They are the enablers-in-chief.
The public face of organisations that represent important ideas.
Their behaviour and their decisions matter.
So it’s right they are criticised and held to account.
But there’s another layer to this.
Enablement has a supply chain.
And that brings the abstract far closer to home.
The money is in the system. It runs through sport, from top to bottom.
Lawyers, lobbyists, PR firms, financiers, advisers, consultants, publishers, journalists.
It’s very easy to get owned.
There’s a debate going on among lawyers which I'm thinking will head toward the sports industry very soon.
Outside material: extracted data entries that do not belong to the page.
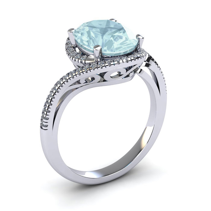 1 Carat Oval Shape Aquamarine and Halo Diamond Ring In 14 Karat White Gold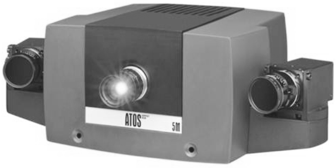 圖1 ATOS Compact Scan 5M三維光學掃描儀 ATOS掃描儀利用光學三角形原理,采用兩個電荷耦合器件(CCD)攝像頭檢測物體形狀,并合成三維數據。它還支持利用探針檢測,對鏡面等高反射表面及深孔等用CCD攝像頭難以拍攝的物體,由探針實施輔助檢測。該掃描儀在精度、銳化度和完整性方面均可達到基準質量水平,其技術規格見表1。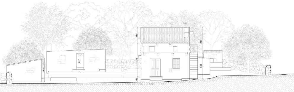 Enfin, le troisième temps du projet consiste en la redensification de l’habitat à Ceccia, allant de pair avec la redynamisation du centre. Quatre maisons neuves sont ainsi créées en relation directe avec la place pour la contenir en prolongeant le front bâti existant (cf. plan p.5). Un travail d’analyse du bâti ancien a été effectué, permettant de proposer des habitations respectant certains des gabarits et principes architecturaux locaux, tout en s’autorisant des variations afin de concilier la valorisation de l’histoire du lieu avec de nouveaux modes de vie.
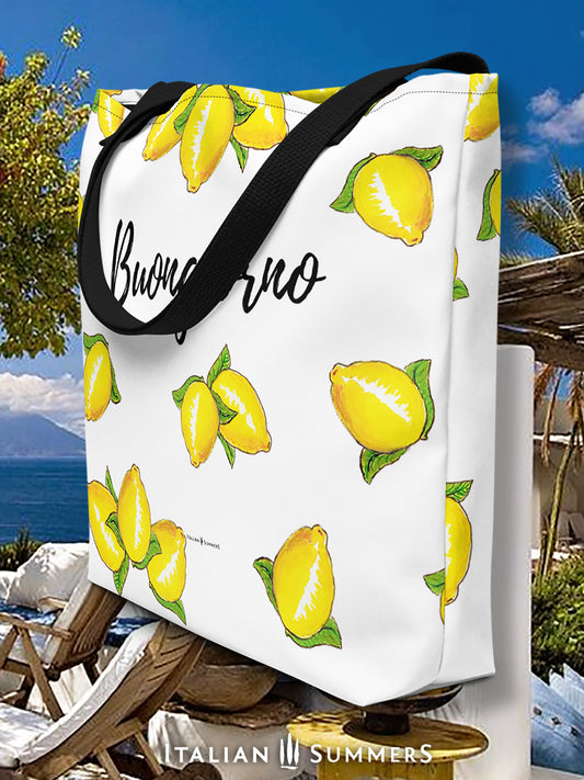 Tote Bag BUONGIORNO LIMONI | Italy tote, beach tote, Italian food lovers, Cucina Italiana, Italian food theme, Amore, Ciao, Italy traveler

And in tomorrow’s podcast, we talk to Professor Robert Barrington, former head of Transparency International, and Prof. Dan Hough, head of politics at the University of Sussex.
They’ve written a book - out today - that should be required reading for everyone running a sports organisation: Understanding Corruption: how corruption works in practice. UP listeners can get a 30% discount via that link, using the code EMAIL30.
We talk about the role of big City law firms, who are so deeply entwined in this story, about legitimate positions v shallow excuses. Of hiding behind words. And the amorality of business, and what other industries have learnt about building institutions that are resilient to corruption.
Spoiler: The first lesson is recognising you have a problem. In sport and the law, the signs aren’t clear that we’ve reached that point yet.
See also: Let’s not pretend this wasn’t coming.
See also: Jens Weinreich is talking kompromat.
Putin and his oligarchs undoubtedly have knowledge and documents to blow the lid off the Olympic world….The fear in the Olympic family is enormous.
Value creeps
The brand values of a sports organisation are important.
Not because anyone really believes them.
But because they shape the behaviour of the people in high office.
They give permission: You’re not just an organiser of sports events, you’re a leader with a personal agenda for change.
I genuinely believe that this is how we got here.
FFS, don’t mention The Why
FIFA and the IOC define their impact on the world too broadly, their claims on behalf of their sports are almost limitless. There’s no edge to them.
They give Thomas Bach and Gianni Infantino the go ahead to do and say the things they do.
For example, by starting with FIFA’s mission statements, I can see how Infantino felt able to say things like this in public. In front of an actual microphone.
It’s a position that comes from a place of moral purpose.
Leader as maniac
To get to run FIFA, the IOC or other powerful organisations, you have to possess this righteous zeal.
You just don’t get there without it.
The rest of us would just give up, find something else to do rather than put ourselves through the years of tedious chicken dinner speechmaking, shaking hands with the world’s worst cunts.
Btw, this is quite a generous interpretation of why Infantino and Bach act like they do.
It assumes they are more than just another couple of greedy Machiavellis on the take.
Now add money
The privilege of office is intoxicating.
It changes your self image.
Until one day you wake up to find you’re no longer the diligent technocrat you thought you were.
You’re a maverick. A freedom fighter.
Worse still, an entrepreneur.
You start to have ideas, taking meetings with banks and other money lenders.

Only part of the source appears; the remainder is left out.